WHAT THIS TASK INVOLVES:
Print every line from the start of the data, and when you reach the line with "[NEW] This photo", include it and stop. Pictures are not part of the copy.

Excerpts from a dataset:
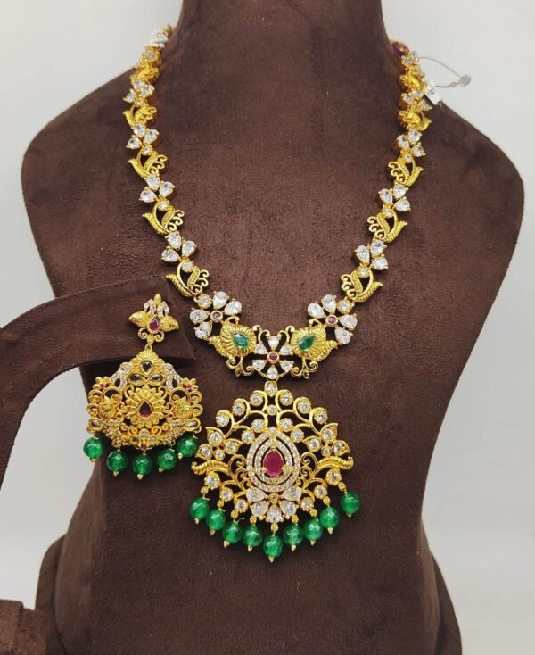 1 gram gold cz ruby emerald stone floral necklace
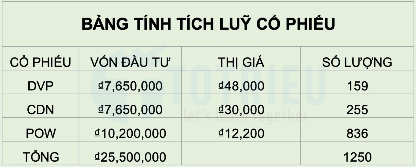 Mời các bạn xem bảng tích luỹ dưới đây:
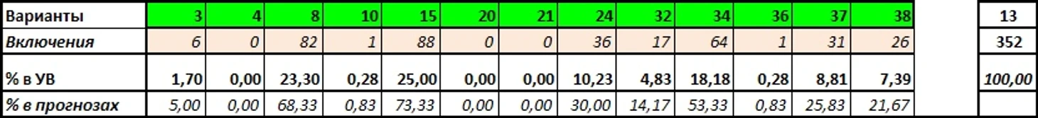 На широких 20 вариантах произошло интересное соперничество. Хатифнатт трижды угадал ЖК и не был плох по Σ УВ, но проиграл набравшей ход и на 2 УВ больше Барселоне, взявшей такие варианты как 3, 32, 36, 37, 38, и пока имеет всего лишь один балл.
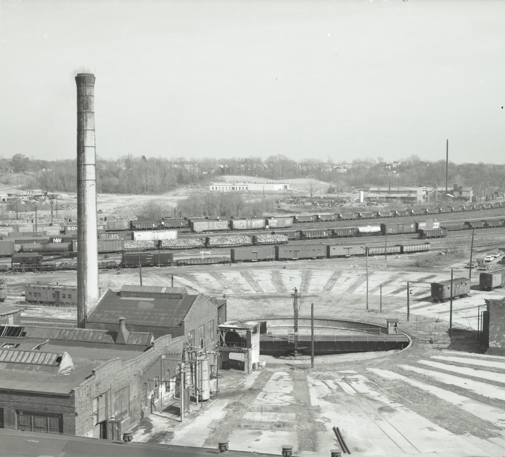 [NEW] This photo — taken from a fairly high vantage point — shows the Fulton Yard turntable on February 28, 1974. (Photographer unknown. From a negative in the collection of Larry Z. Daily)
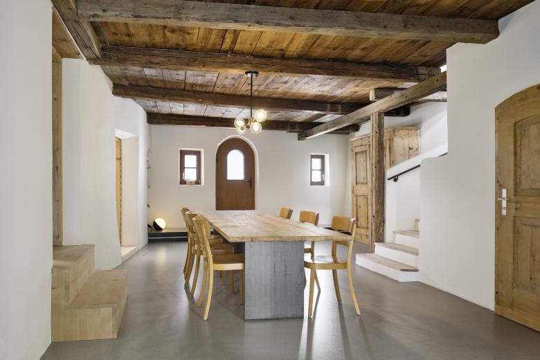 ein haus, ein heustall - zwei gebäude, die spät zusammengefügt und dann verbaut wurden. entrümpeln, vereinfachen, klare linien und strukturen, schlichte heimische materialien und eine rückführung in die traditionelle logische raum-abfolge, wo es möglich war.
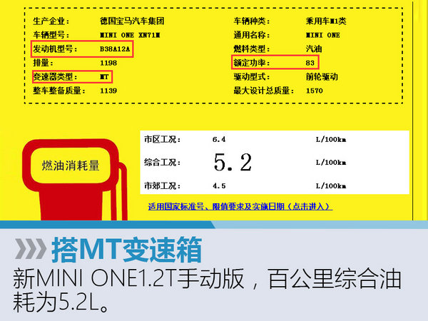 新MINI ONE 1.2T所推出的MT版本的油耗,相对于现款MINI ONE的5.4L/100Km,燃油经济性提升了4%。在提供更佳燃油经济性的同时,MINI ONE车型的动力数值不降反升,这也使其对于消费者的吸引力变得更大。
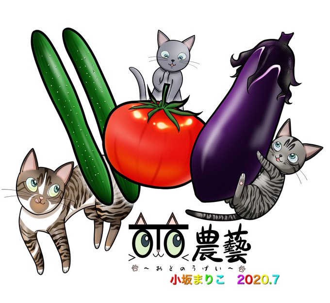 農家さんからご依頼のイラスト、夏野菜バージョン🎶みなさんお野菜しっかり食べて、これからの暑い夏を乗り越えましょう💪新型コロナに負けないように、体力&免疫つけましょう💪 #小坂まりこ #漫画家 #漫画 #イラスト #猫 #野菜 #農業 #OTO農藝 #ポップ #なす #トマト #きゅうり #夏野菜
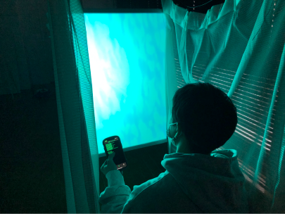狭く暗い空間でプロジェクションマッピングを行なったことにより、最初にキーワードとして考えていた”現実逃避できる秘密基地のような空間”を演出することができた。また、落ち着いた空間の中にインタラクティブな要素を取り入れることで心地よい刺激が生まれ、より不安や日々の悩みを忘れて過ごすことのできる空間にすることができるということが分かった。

RESPONSE BOX:
 1 gram gold cz ruby emerald stone floral necklace
 Mời các bạn xem bảng tích luỹ dưới đây:
 На широких 20 вариантах произошло интересное соперничество. Хатифнатт трижды угадал ЖК и не был плох по Σ УВ, но проиграл набравшей ход и на 2 УВ больше Барселоне, взявшей такие варианты как 3, 32, 36, 37, 38, и пока имеет всего лишь один балл.
 [NEW] This photo — taken from a fairly high vantage point — shows the Fulton Yard turntable on February 28, 1974. (Photographer unknown. From a negative in the collection of Larry Z. Daily)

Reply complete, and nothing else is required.